Records from a collection

┏━━

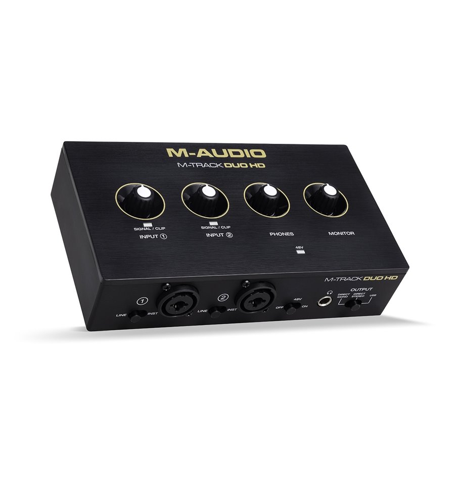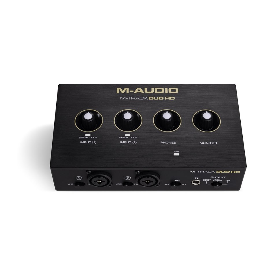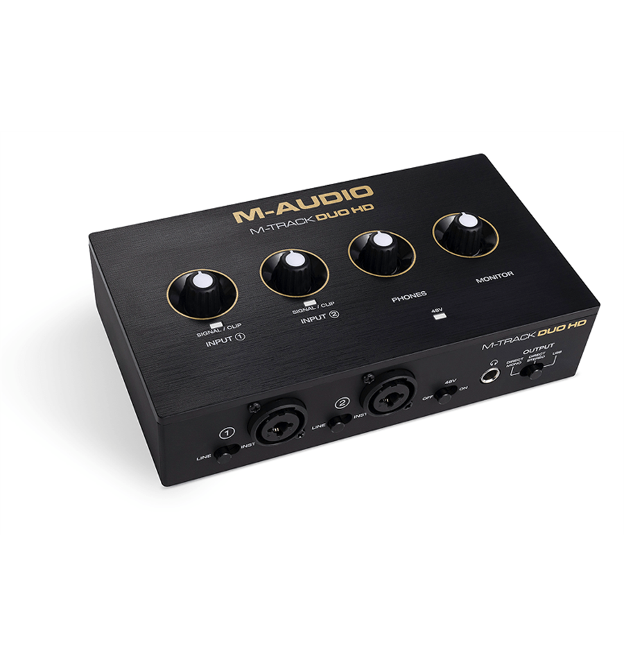 M-Audio M-Track Duo HD je kompaktno USB audio sučelje koje pruža studijsku kvalitetu snimanja u bilo kojem okruženju. S dva kombinirana XLR/TRS ulaza, Crystal™ preampovima i 24-bitnom/48 kHz rezolucijom, osigurava čist i detaljan zvuk za vokale, instrumente i podcast. Uz direct monitoring, phantom napajanje i čvrstu metalnu konstrukciju, M-Track Duo HD je idealan alat za producente, glazbenike i kreatore koji žele profesionalne rezultate kod kuće ili u pokretu.
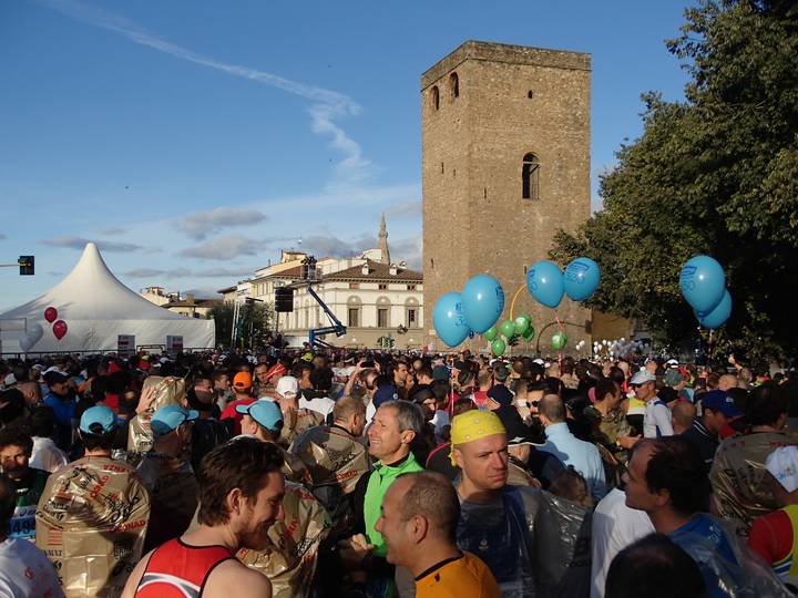 Lungarno del Tempio 8.53 Uhr Zum Start lag ich schon mal vor den 3:45-Stunden-Ballons. Das wunderte mich aber nicht, denn aus irgend welchen Gründen ließ man mich im Block 3:00 bis 3:30 Stunden starten. Das hätte mich schon noch wundern können, aber zu der Zeit war ich längst darüber hinaus, mich bei der Veranstaltung überhaupt noch über etwas zu wundern. |
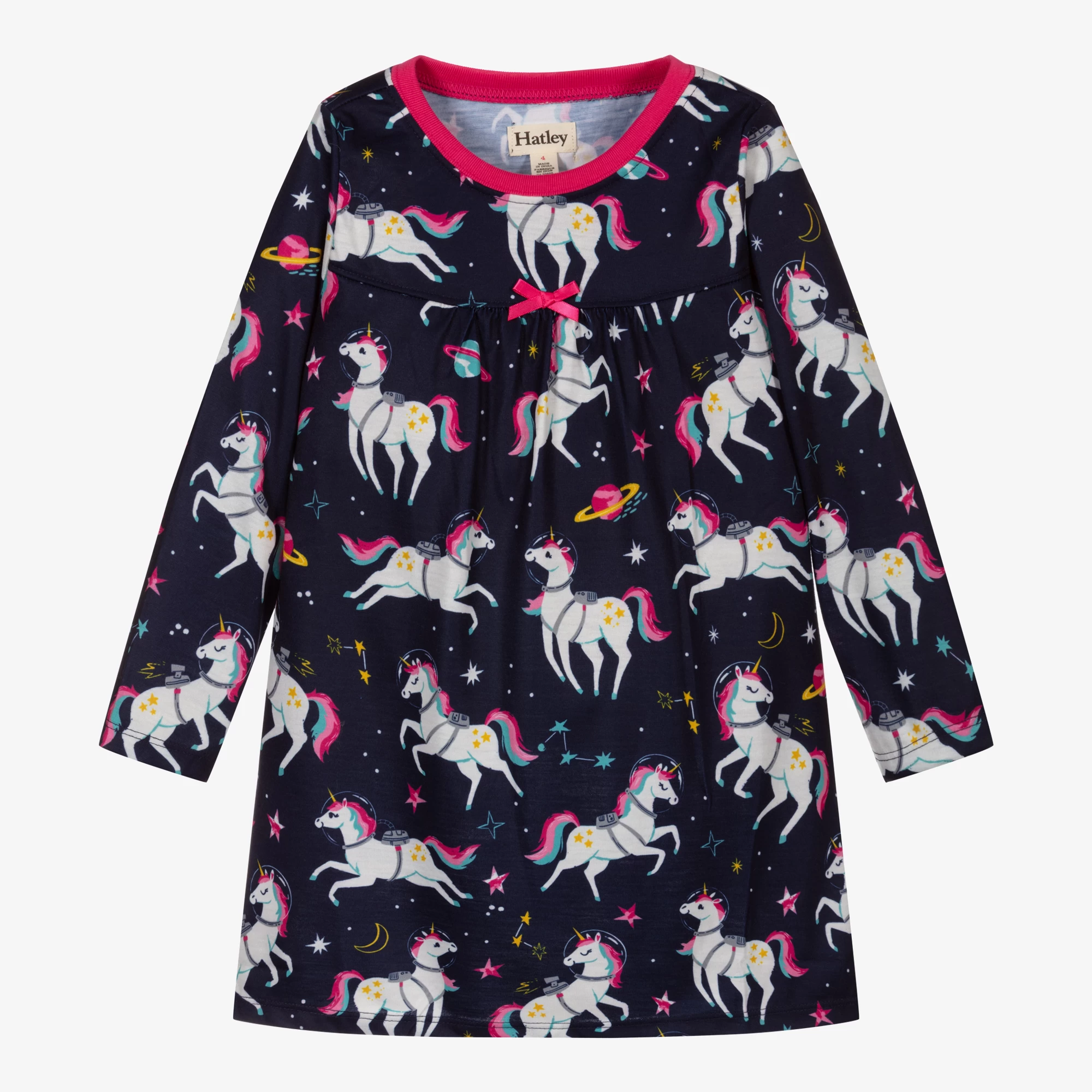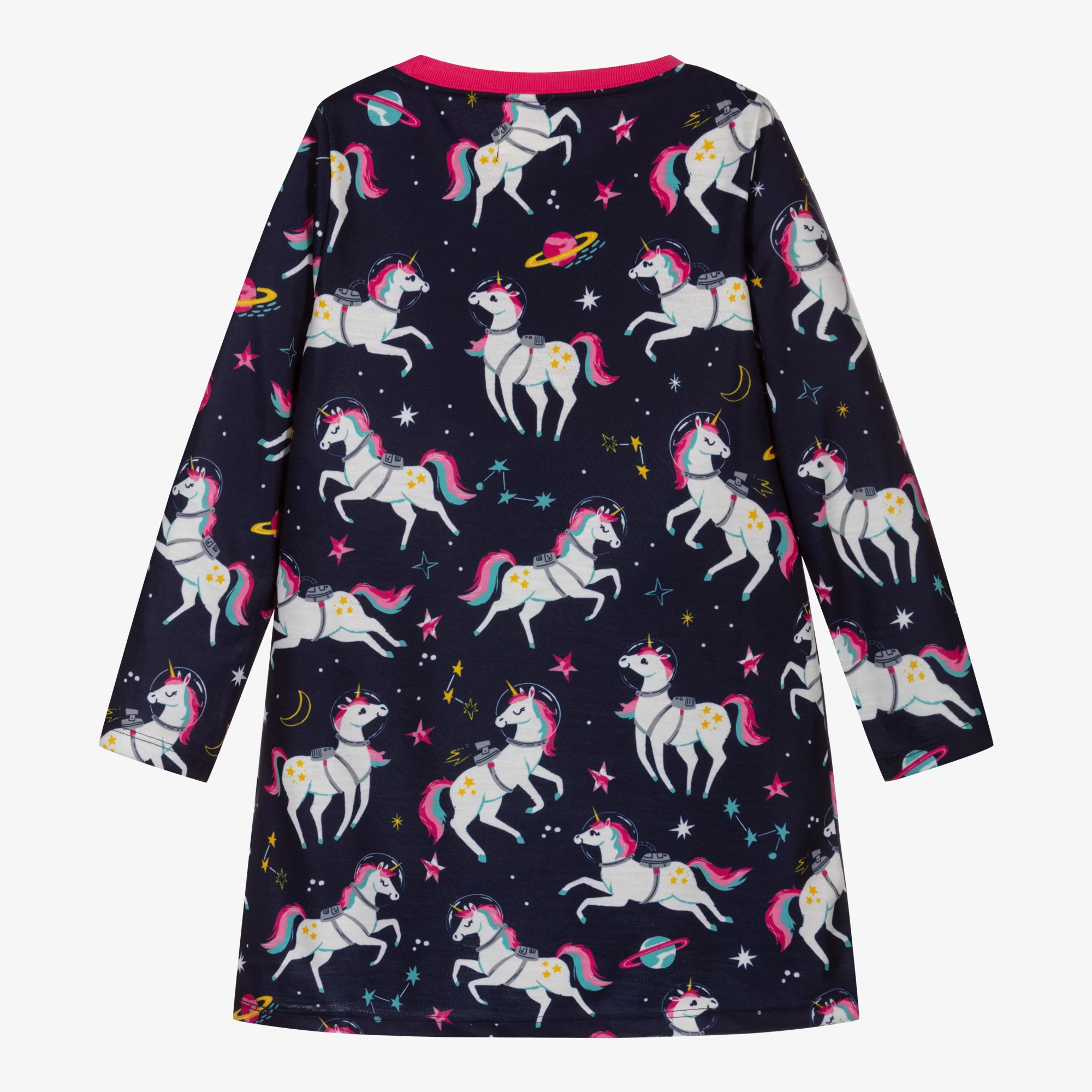 Girls navy blue nightdress from Hatley, made in super-soft polyester jersey. It has a colourful ‘Space Unicorn’ pattern and fuchsia pink trims. There are gathers from the bodice forming a comfortable, loose shape.
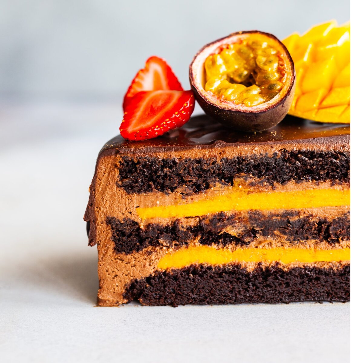 Первый корж выложить на блюдо, сверху равномерно распределить половину мангового пюре. Накрыть вторым коржом, выложить вторую половину пюре. Накрыть третьим коржом.
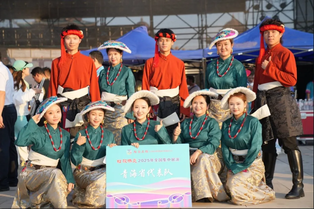 圖為“村歌嘹亮”2025年全國集中展演開幕式現場青海代表隊合影。鄂爾多斯市融媒體中心供圖。
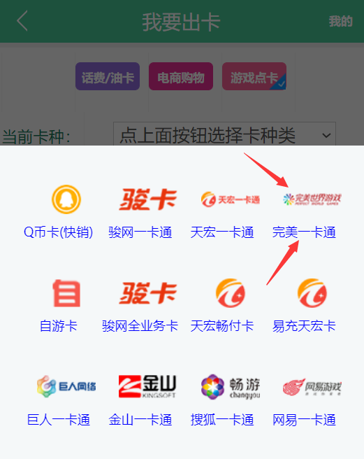 然后选择【游戏点卡】,如下图:
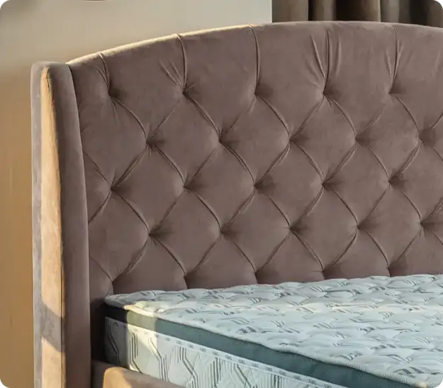 Классика и современность в одном изделииКровать имеет классический стиль в округлой формой и каретной стяжкой. Она оснащена высоким изголовьем с мягкой обивкой и декоративными пуговицами, что придает ей роскошный вид. Ножки кровати выполнены из прочного пластика, что добавляет современный штрих к общему внешнему виду. Общая форма кровати прямоугольная с аккуратными линиями, что подчеркивает её современный и функциональный дизайн.
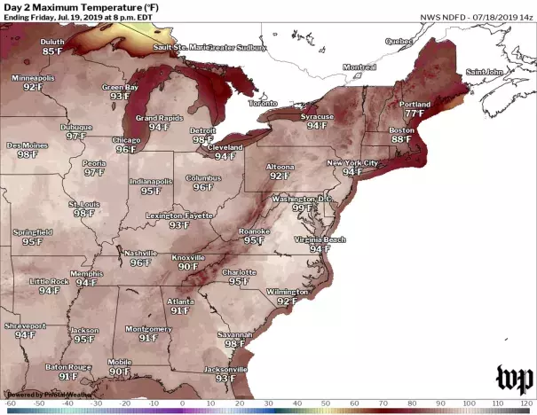 Heat advisories and warnings affect 154 million Americans. In many major population centers, the heat index — how hot it feels factoring in the humidity — is forecast to peak around 110 degrees between Friday and Sunday. The actual air temperature is expected to reach at least 95 for more than half the population of the Lower 48 over the next several days.
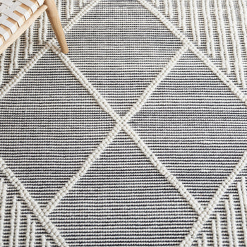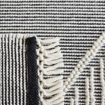 The rug's design features a striking geometric pattern, capturing the eye with its bold Ivory and Black shades. This dynamic visual effect is enriched by the textures and details visible in the image, showcasing a mix of intricate diamonds and linear elements that speak to both contemporary and timeless aesthetics.
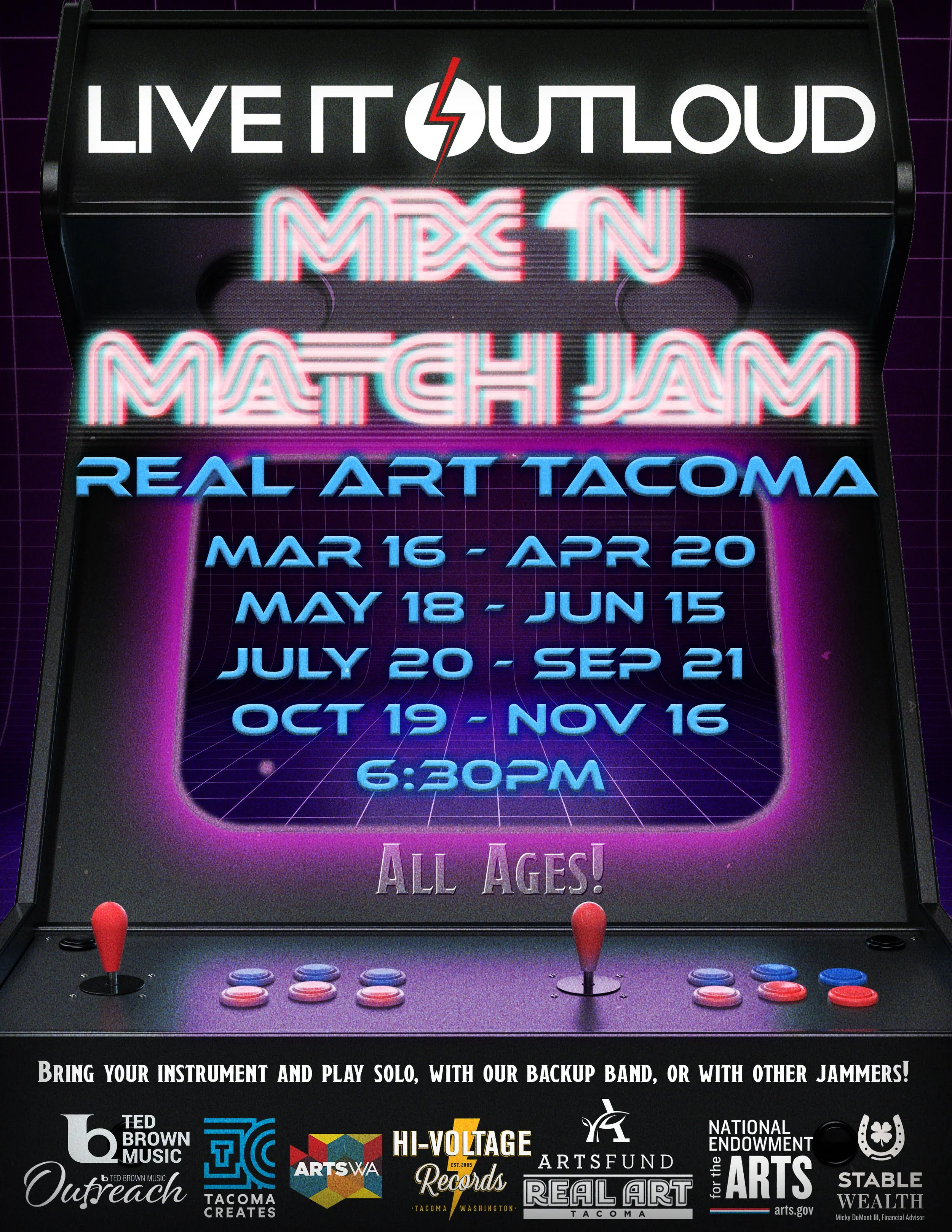 ****Reminder that Real Art is a 100% Drug & Alcohol free venue space. All alcoholic beverages must be consumed inside Beyond ThunderDome Cafe. We strive to maintain a safe, inclusive, and supportive community. Please consider the personal space you take up and respect those around you. Our venue is wheelchair accessible and has gender neutral bathrooms. Please ask if you have any questions. info@realarttacoma.com****

┗━━

- _Try it_
Nothing but the lines from the one with "Классика и современность" through the end of the entries above, both included, should be set down, exactly and without pictures.

- _Response box_
 Классика и современность в одном изделииКровать имеет классический стиль в округлой формой и каретной стяжкой. Она оснащена высоким изголовьем с мягкой обивкой и декоративными пуговицами, что придает ей роскошный вид. Ножки кровати выполнены из прочного пластика, что добавляет современный штрих к общему внешнему виду. Общая форма кровати прямоугольная с аккуратными линиями, что подчеркивает её современный и функциональный дизайн.
 Heat advisories and warnings affect 154 million Americans. In many major population centers, the heat index — how hot it feels factoring in the humidity — is forecast to peak around 110 degrees between Friday and Sunday. The actual air temperature is expected to reach at least 95 for more than half the population of the Lower 48 over the next several days.
 The rug's design features a striking geometric pattern, capturing the eye with its bold Ivory and Black shades. This dynamic visual effect is enriched by the textures and details visible in the image, showcasing a mix of intricate diamonds and linear elements that speak to both contemporary and timeless aesthetics.
 ****Reminder that Real Art is a 100% Drug & Alcohol free venue space. All alcoholic beverages must be consumed inside Beyond ThunderDome Cafe. We strive to maintain a safe, inclusive, and supportive community. Please consider the personal space you take up and respect those around you. Our venue is wheelchair accessible and has gender neutral bathrooms. Please ask if you have any questions. info@realarttacoma.com****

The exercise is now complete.